И люди верили в это. И не верили.
Я говорю: «не верили», потому что иногда мне случалось заметить на чьем-то недружелюбном лице подобие иронической усмешки, как будто они сожалели о моем самомнении; однако я так оберегал собственное достоинство, что почти всегда находил способ превратить в своих врагов тех, кто мог узнать меня лучше, чем мне хотелось бы.
Затем я нашел предлог, который, скажем, не будучи ни серьезным, ни убедительным, удовлетворил меня на некоторое время.

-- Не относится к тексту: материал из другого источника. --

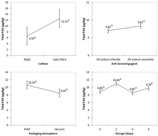 Total PAH content (Figure 3) was also significantly influenced by cultivar, with levels being twofold higher in cv. Lady Claire samples (12.53 vs. 6.56 µg kg−1).
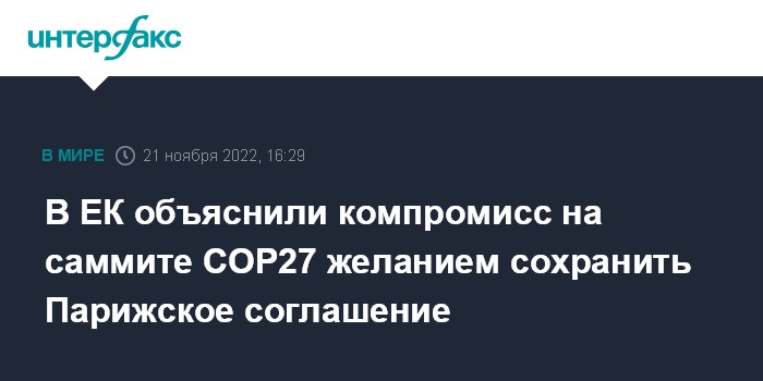 В ЕК объяснили компромисс на саммите COP27 желанием сохранить Парижское соглашение

Любое душевное состояние, которое я мог бы выразить, любая интрига, которую я мог бы придумать, бесчисленное количество раз до меня были показаны многими поколениями писателей. В один прекрасный день я поделился этими мыслями со своим приятелем, который бился над созданием произведения, называемого на нашем забавном жаргоне «вещь, написанная на одном дыхании».
Живописными мазками, рождавшимися под влиянием минутного вдохновения, я набросал перед моим товарищем картину мира, где торжествуют разум и красота, создававшиеся на протяжении веков последовательными духовными усилиями, и закончил свои рассуждения следующими словами:
— Разве не логично предположить, что мы, столь ничтожные существа, вряд ли сможем создать что-либо более совершенное, чем то, что они оставили нам?

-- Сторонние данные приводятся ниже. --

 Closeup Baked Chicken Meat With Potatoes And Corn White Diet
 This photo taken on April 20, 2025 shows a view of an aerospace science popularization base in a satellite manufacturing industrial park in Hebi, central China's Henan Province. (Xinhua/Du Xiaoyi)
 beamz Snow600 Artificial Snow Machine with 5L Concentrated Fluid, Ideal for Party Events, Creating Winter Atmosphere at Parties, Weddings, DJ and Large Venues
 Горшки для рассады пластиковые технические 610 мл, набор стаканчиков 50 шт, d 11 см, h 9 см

У моего приятеля были некоторые причуды. Он не понял, что, подтрунивая над ним, я старался остудить его пыл. Всей душой проникшись моей идеей, он посоветовал мне написать своего рода «десять заповедей бездействия», и, угодив в собственную западню, западню глупца, как говорил не помню уж кто, я пообещал ему выполнить это. Более того. Поддавшись желанию присочинить, я сказал ему, что уже начал разрабатывать программу своего трактата о неприятии действия; я сам на какое-то время поверил в собственную ложь и даже обыграл ее, расписав своему приятелю начало главы, пришедшее мне в голову в этот самый момент…

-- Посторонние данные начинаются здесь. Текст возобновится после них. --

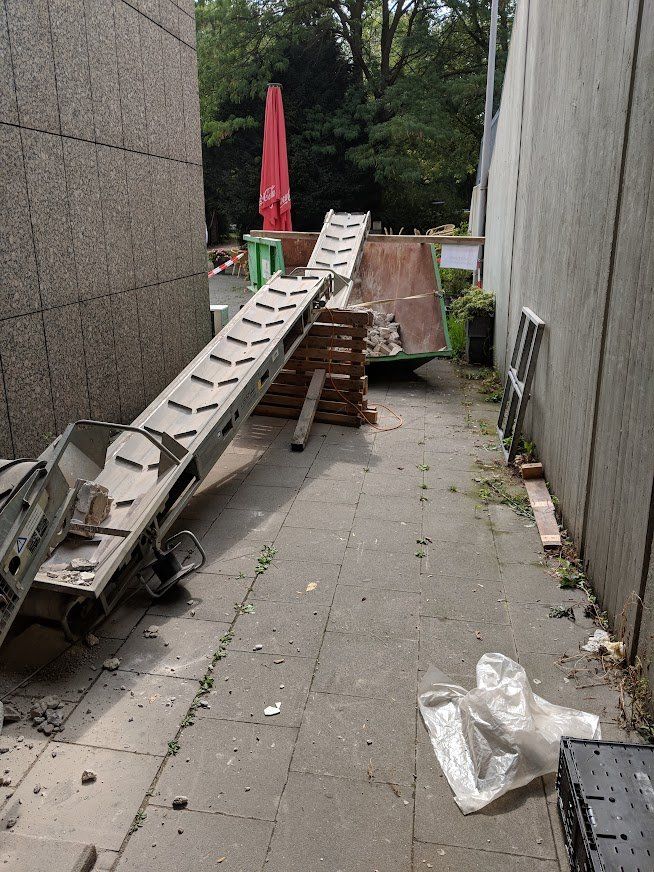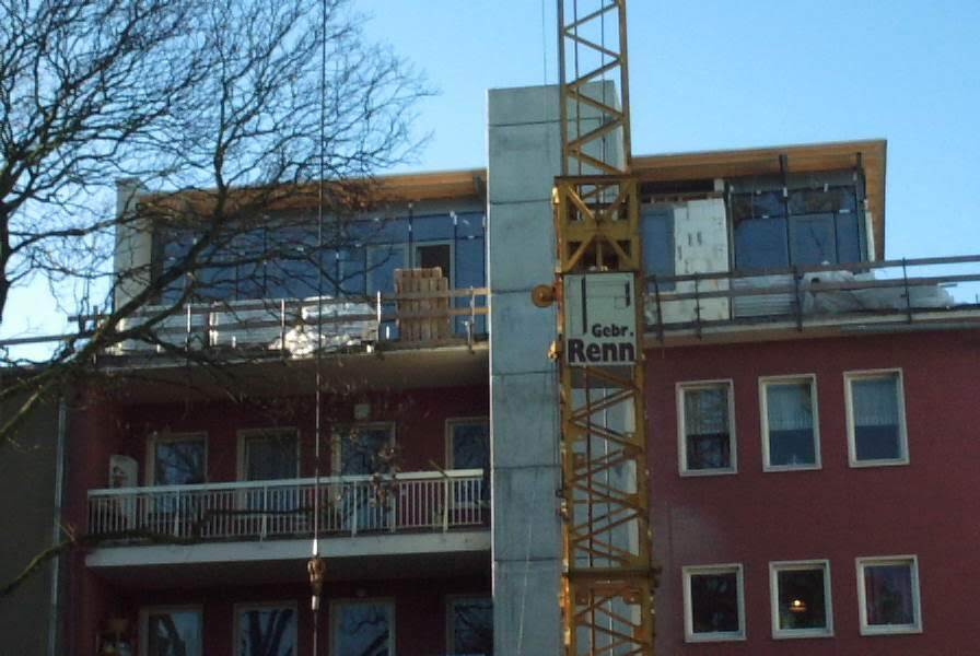 Das Material muss auf das Dach und die Strasse muss immer frei gehalten wedren da hier Rettungswagen das Krankenhaus anfahren.

Мы были в состоянии опьянения: он — от композиции своей вещи, которую надо написать на одном дыхании, я — от десяти заповедей бездействия, — и провели прекрасный день и восхитительную ночь. Всласть наговорившись о том, что мы напишем, какие эстетические принципы положим в основу, чтобы поразить до глубины души наших читателей, мы расстались на рассвете следующего дня, нагрузившись вином и устав жонглировать фразами, которые мы расточали во время этого фейерверка бесплодного горения.
Но свои стопы каждый из нас направил не к письменному столу, а к постели. Когда же прошло чувство опьянения, у меня оказалось достаточно причин, чтобы всерьез задуматься над этой идеей.
Какие опасения могли помешать мне написать книгу о неприятии действия, создать нечто подобное Екклесиасту для недоношенных интеллектуалов, чтобы искусно показать им, сколь ничтожны их усилия перед архитектоникой мироздания? Кому польза от их тщетных потуг? Не лучше ли торговать тканями за прилавком или взвешивать нехитрую снедь на рынке, чем жертвовать собой?.. И для чего, в конце концов?.. Для того, чтобы какой-нибудь неизвестный читатель несколько минут поразвлекся легким чтением, ни на мгновение не задумавшись, скольких усилий стоило это?
Кто, кроме меня, имел право написать такие строки, исполненные мучительной правды? Разве не я создал Творение? Разве я не был до сих пор знаменит среди тех, кто еще верил в меня? Заключительные эпизоды новой книги мелькали у меня в мозгу.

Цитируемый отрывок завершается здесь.